SOURCE RECORDS START

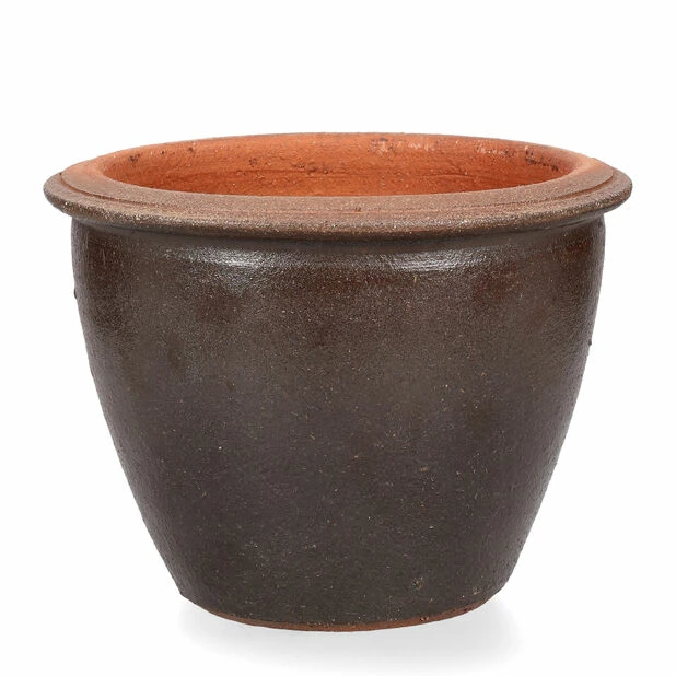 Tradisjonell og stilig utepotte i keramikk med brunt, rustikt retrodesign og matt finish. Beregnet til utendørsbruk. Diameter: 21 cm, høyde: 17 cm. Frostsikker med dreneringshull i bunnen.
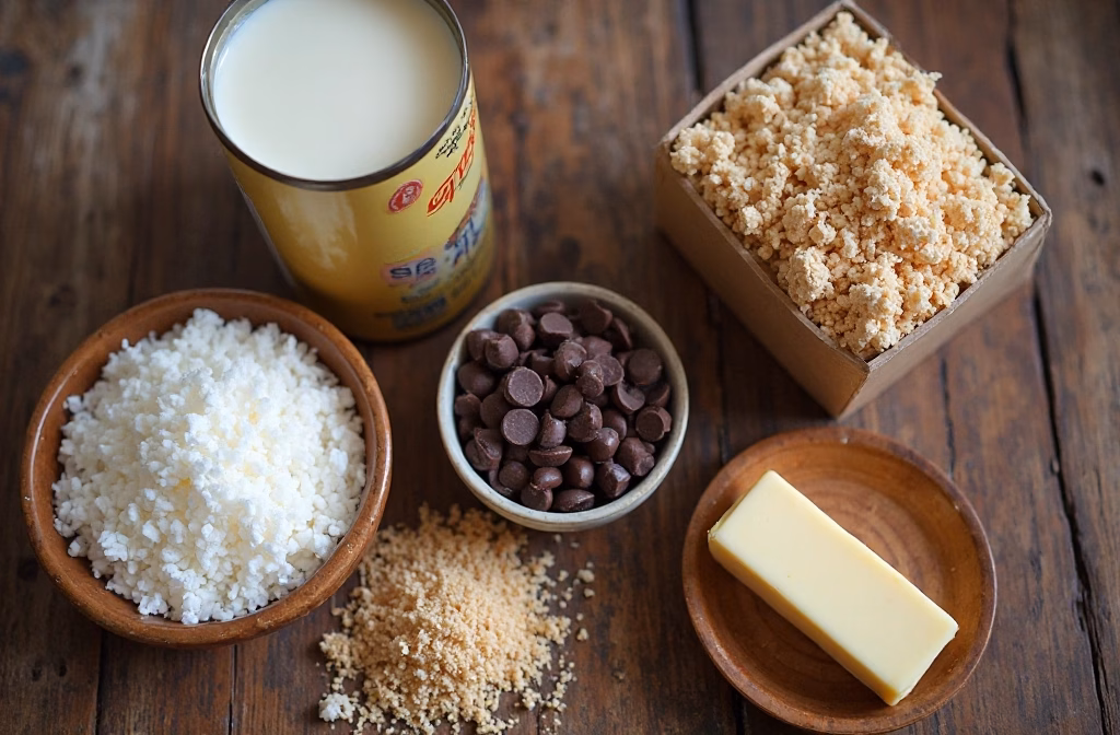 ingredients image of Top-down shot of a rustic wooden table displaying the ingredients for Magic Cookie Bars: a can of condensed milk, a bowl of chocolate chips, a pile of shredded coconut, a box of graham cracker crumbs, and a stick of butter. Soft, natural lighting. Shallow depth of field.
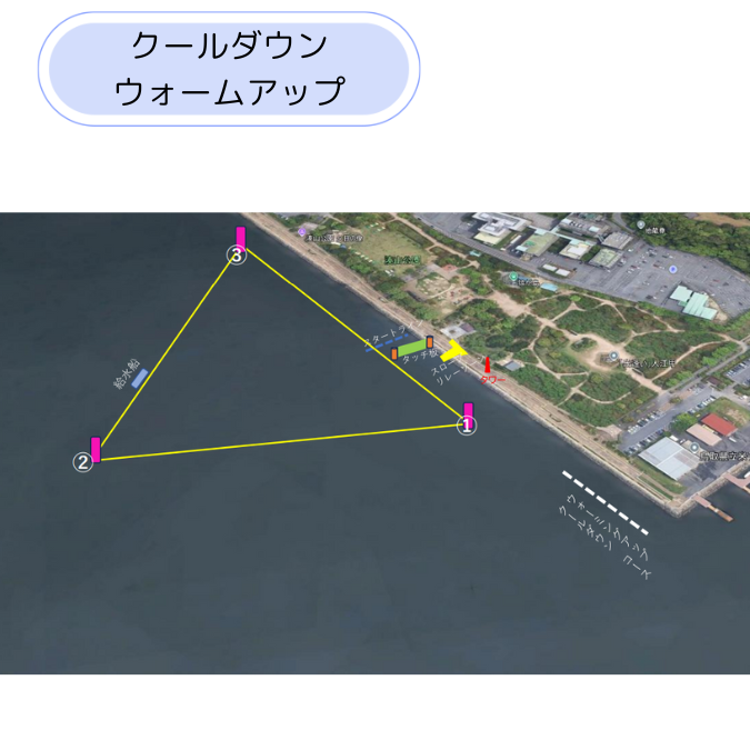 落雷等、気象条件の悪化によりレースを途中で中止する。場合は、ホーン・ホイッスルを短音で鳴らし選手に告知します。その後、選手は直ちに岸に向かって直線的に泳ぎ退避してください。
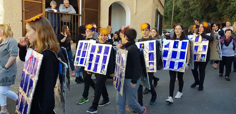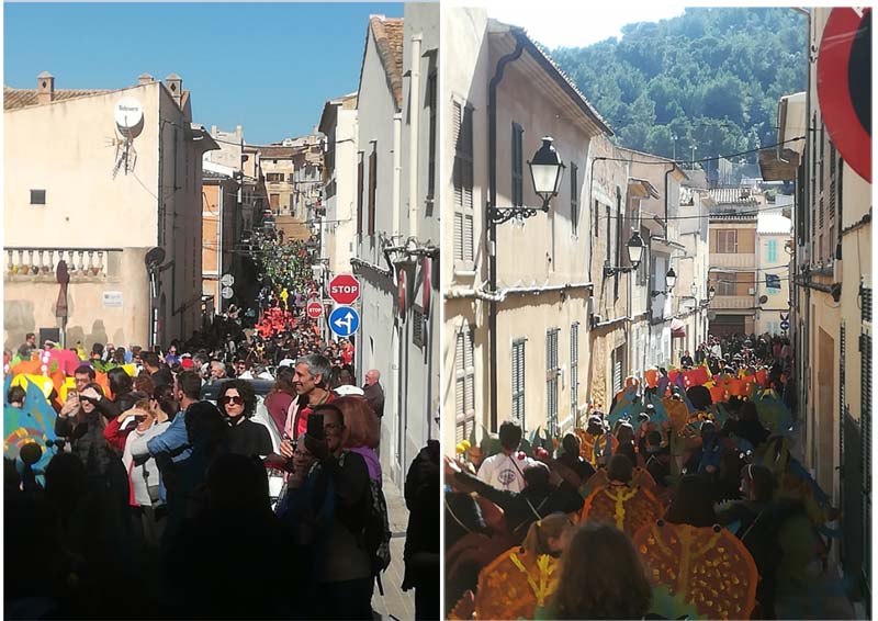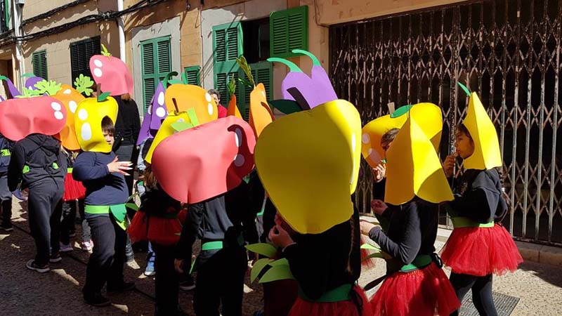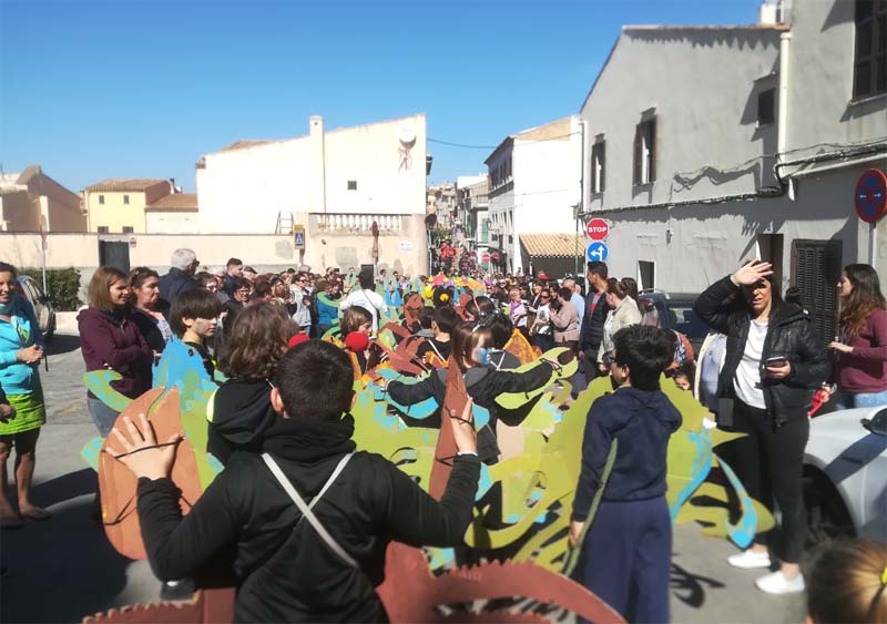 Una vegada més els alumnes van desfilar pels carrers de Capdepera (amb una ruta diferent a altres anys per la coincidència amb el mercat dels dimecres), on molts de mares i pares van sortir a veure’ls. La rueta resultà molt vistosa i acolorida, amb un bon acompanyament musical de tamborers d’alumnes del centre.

SOURCE RECORDS END
SOURCE RECORDS START

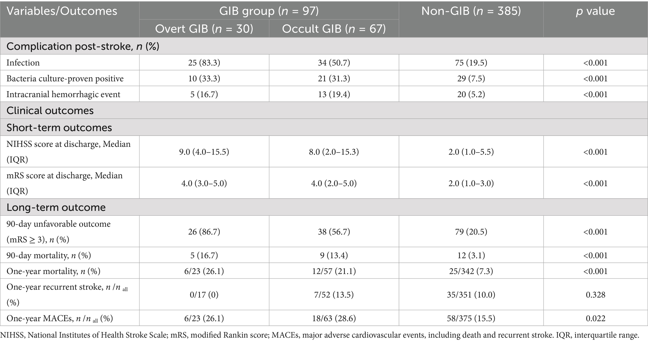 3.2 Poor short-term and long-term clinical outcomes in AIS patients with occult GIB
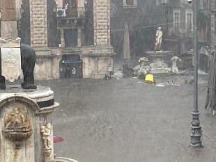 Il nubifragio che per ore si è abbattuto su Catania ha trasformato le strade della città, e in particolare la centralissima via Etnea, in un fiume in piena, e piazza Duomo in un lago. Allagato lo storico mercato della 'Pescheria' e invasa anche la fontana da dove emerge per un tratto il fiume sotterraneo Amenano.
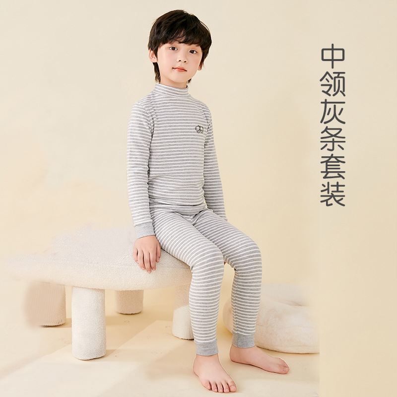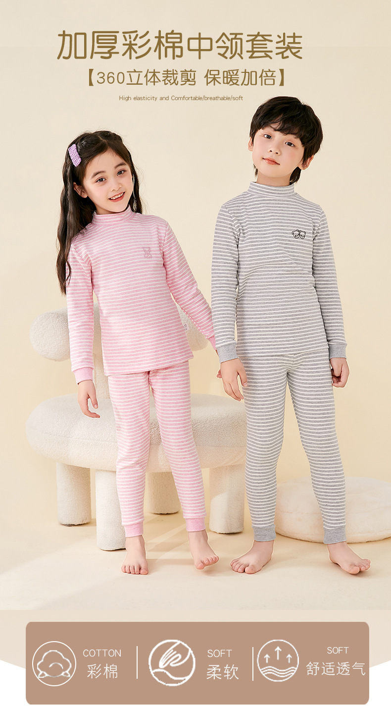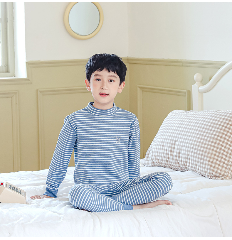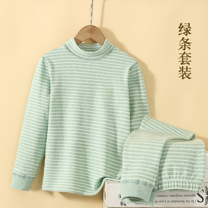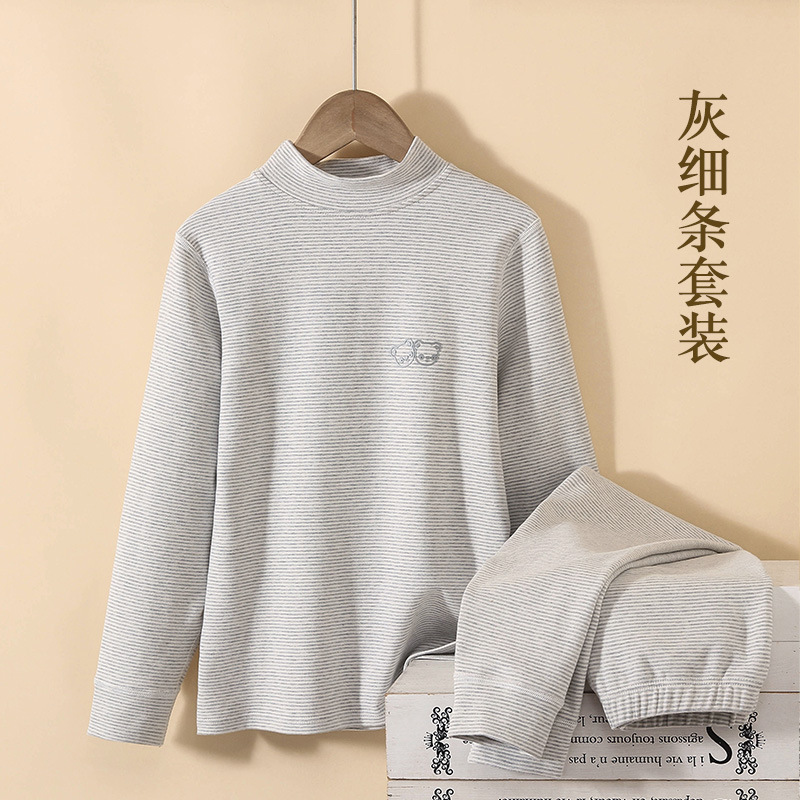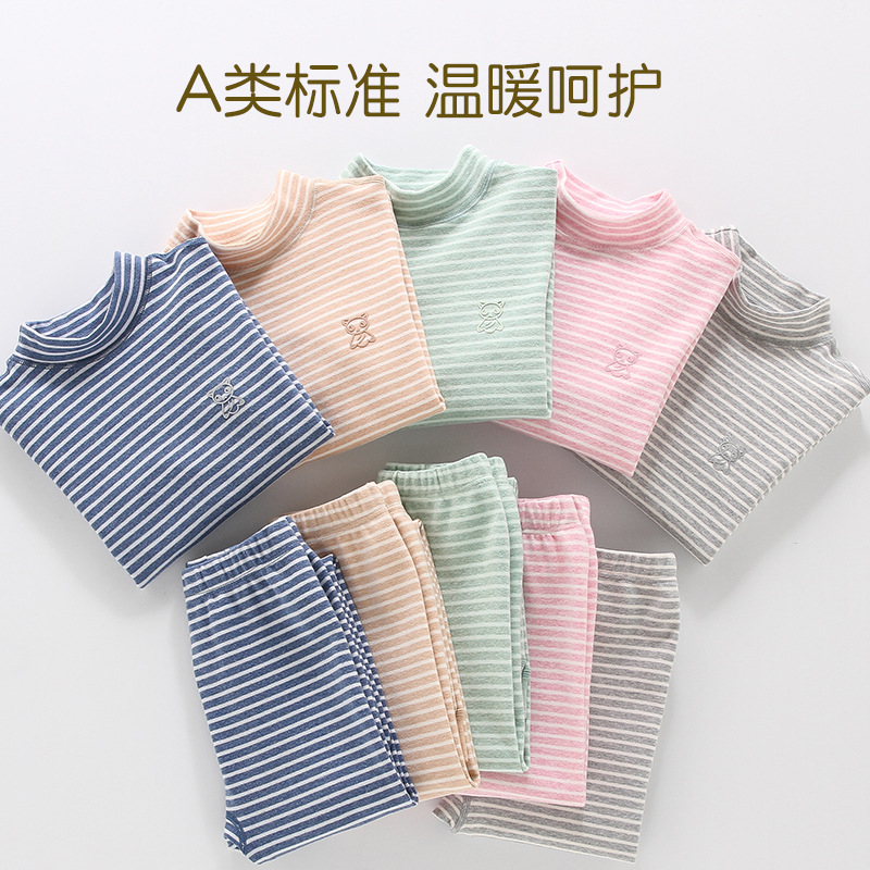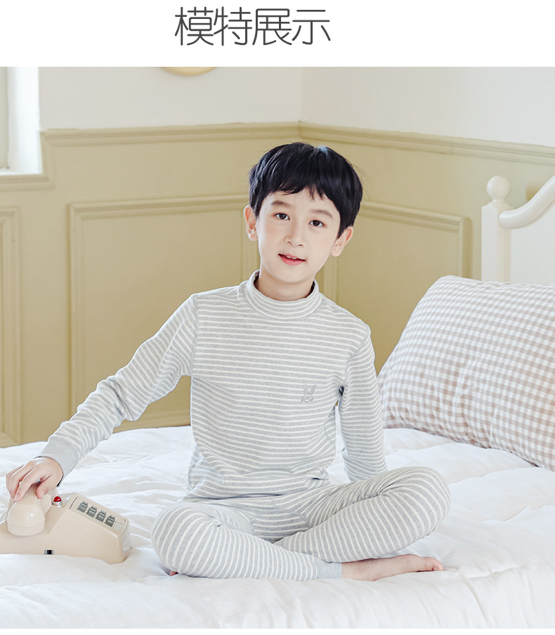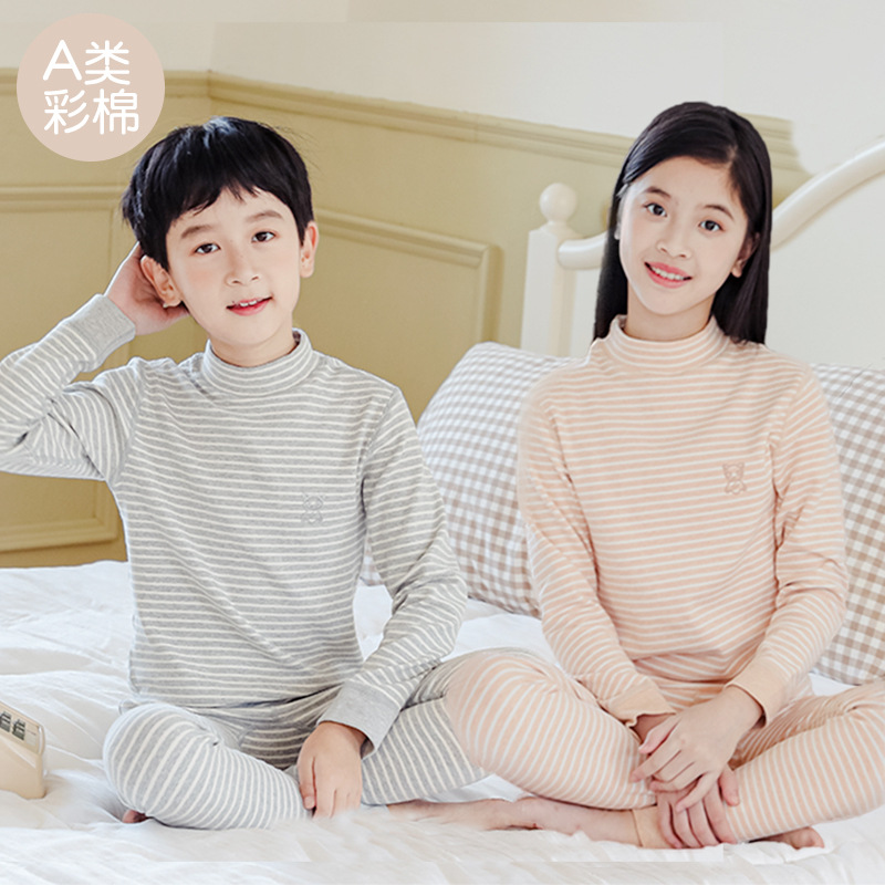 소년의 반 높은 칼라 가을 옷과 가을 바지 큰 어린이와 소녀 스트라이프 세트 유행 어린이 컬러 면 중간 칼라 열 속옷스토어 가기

SOURCE RECORDS END

### EXERCISE DESCRIPTION
Look above for the line containing "ingredients image of", then write out every line from there down to the line containing "Una vegada més", that line included, with no pictures.

### SOLUTION FOR THIS EXERCISE
 ingredients image of Top-down shot of a rustic wooden table displaying the ingredients for Magic Cookie Bars: a can of condensed milk, a bowl of chocolate chips, a pile of shredded coconut, a box of graham cracker crumbs, and a stick of butter. Soft, natural lighting. Shallow depth of field.
 落雷等、気象条件の悪化によりレースを途中で中止する。場合は、ホーン・ホイッスルを短音で鳴らし選手に告知します。その後、選手は直ちに岸に向かって直線的に泳ぎ退避してください。
 Una vegada més els alumnes van desfilar pels carrers de Capdepera (amb una ruta diferent a altres anys per la coincidència amb el mercat dels dimecres), on molts de mares i pares van sortir a veure’ls. La rueta resultà molt vistosa i acolorida, amb un bon acompanyament musical de tamborers d’alumnes del centre.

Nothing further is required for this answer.